10月25日トニー&トニー②
「あんた話したわけ?」
「聞かれたらそりゃ話すしかないでしょう?一応、先輩だし。向こうさんの方が俺よりも強いだろうし」
もうちょっと警戒しろ、という目でかなえは湯人を睨むが、湯人にしてもこれは不本意だ。何よりすでに彼女のゲートユニットが自分のゲートユニットについて少し話していたようだし、隠し事をしてもロクな事にならない、と湯人の対して役に立たない勘が告げていた。
「ちなみにその見返り、として釣り合うかわからないけど一応私のゲートユニットも見せてあげる。――これが私のゲートユニット、龍皇術師ドォル・リシュナ」
湯人とかなえが反目し合う中、我関せずとばかりに彩音はポケットからカードプロテクターを取り出す。二人の視線はすぐさま、そのカードへと集まった。当然だ。なぜなら一度戦ったかなえにしても彩音のゲートユニットを見るのは初めてだからだ。
そのカードは金色に縁取りされており、見るからに豪奢なイラストが描かれている。描かれているのは七対の紅色の瞳のドラゴン。まるでうずまきを思わせるその見た目はどこかおぞましさを感じさせる奇怪なドラゴンだ。
体中がところどころねじれ、さらにそれは不定形な黒い霧を羽状にして展開していた。透けた腹のの中には無数の暴風が吹き荒れ、触れている大地が粉々に砕ける描写がされている。キリキリと武け狂う嵐の牙を持ち、醜悪な笑みを浮かべるその姿はまさしく怪物だ。
所属軍団は『夢幻魔術学院』、種族はエンシェントドラゴン。惑星アクセスにおいてドラゴンという種族は最高峰の存在であり、ただひとつ存在するだけで天変地異を起こし、肉体を保たない精神生命体のようなものだ。
なかでもエンシェントドラゴンは最上位一歩手前の存在だ。最上位の階級であるロストに至るまであと数千年というところまできているほぼ最強に近いドラゴンだ。当然、その能力は他の種族の同レベルのユニットとは比べるまでもない。
なによりドォル・リシュナのレベルは5。シルバーユニットの中での最上位カードであり、多くあるゲートユニットの中でも稀なカードだ。未知の軍団である湯人の『八咫烏』でさえレベル4のヤギョウガラスだ。湯人やかなえは息を呑み、得意げに彩音はほどよく隆起している胸を張った。
「レベル5のゲートユニット?なにそれ。しかも強そう。やっぱあんたおかしいんじゃない?」
かなえの疑問は当然のものだ。普通に考えて彩音の持っているカードはおかしい。ドォル・リシュナ以外は市販のものとはいえ、グラガナッツォなどは市販価格にして万になる限定カードだ。それ以外にも彼女のデッキに入っているカードの多くは大会などでも普通に使われているカードだ。
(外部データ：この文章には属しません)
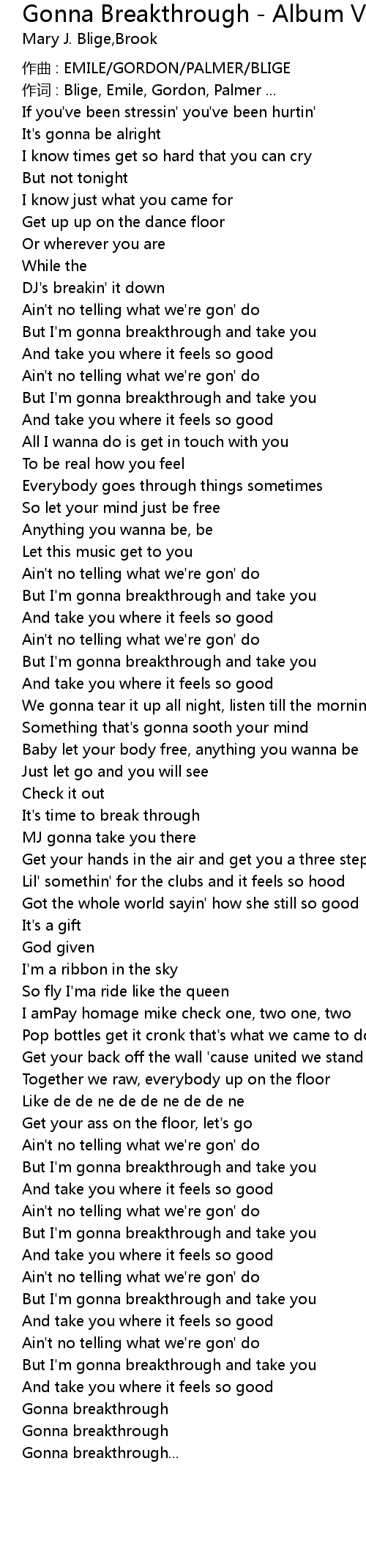 | 歌曲 | Gonna Breakthrough - Album Version |

「ふっふっふ。これがおねぇさんの力だよ。なにより私はお金持ちだからね。グラガナッツォは元から持っていたけど、それ以外はざっと買ったのだよ!」
ふはははは、と声高らかに笑う彩音は初めて自身の心からの感情を吐露していた。そんな彩音を見て、一瞬ではあったが湯人は好感を持てた。だがそれはあくまで一瞬だ。すぐに彩音の危険性を湯人は考えた。
「で?ほら、湯人君も出し給えよ。キミのゲートユニットをさ」
「え?ああ、はい」
しかしその思考は彩音の声で中断された。彼女に急かされ、湯人はヤギョウガラスの入ったカードプロテクターを取り出した。
『お初にお目にかかる我はこの男のゲートユニット、ヤギョウガラスだ。そちらは……なるほど。久しいなドォル・リシュナ。かれこれ千年ぶりか?』
『千年程度、この僕には大した時間ではないさ。不思議なのはなぜ貴様がそのわずか千年の間に復活を果たしているか、だ。どういうわけだ?』
対峙するなり二体のゲートユニットは剣呑な雰囲気を醸し出し始めた。特にドォル・リシュナは敵意にも似た感情をその心の中から溢れさせていた。当然、三人の脳には彼らの会話の声が流れ込んでくるし、彩音にいたってはドォル・リシュナの怒りの感情が流れ込んできていた。
「え、なに?どういうこと?ねぇ、ミリぽんどういうこと?」
わけがわからない、とかなえはアミリュナに助けを求めようとするがその彼女を彩音は制した。
「ちょっと待って。今、ここでカードに話しけてたら怪しまれるよ。キミはそんなことも理解できないわけ?」
「じゃぁどうすんのさ?あたし、人の表情なんて読めないんだけど」
ムッとして聞き返すかなえに彩音は微笑を浮かべて答える。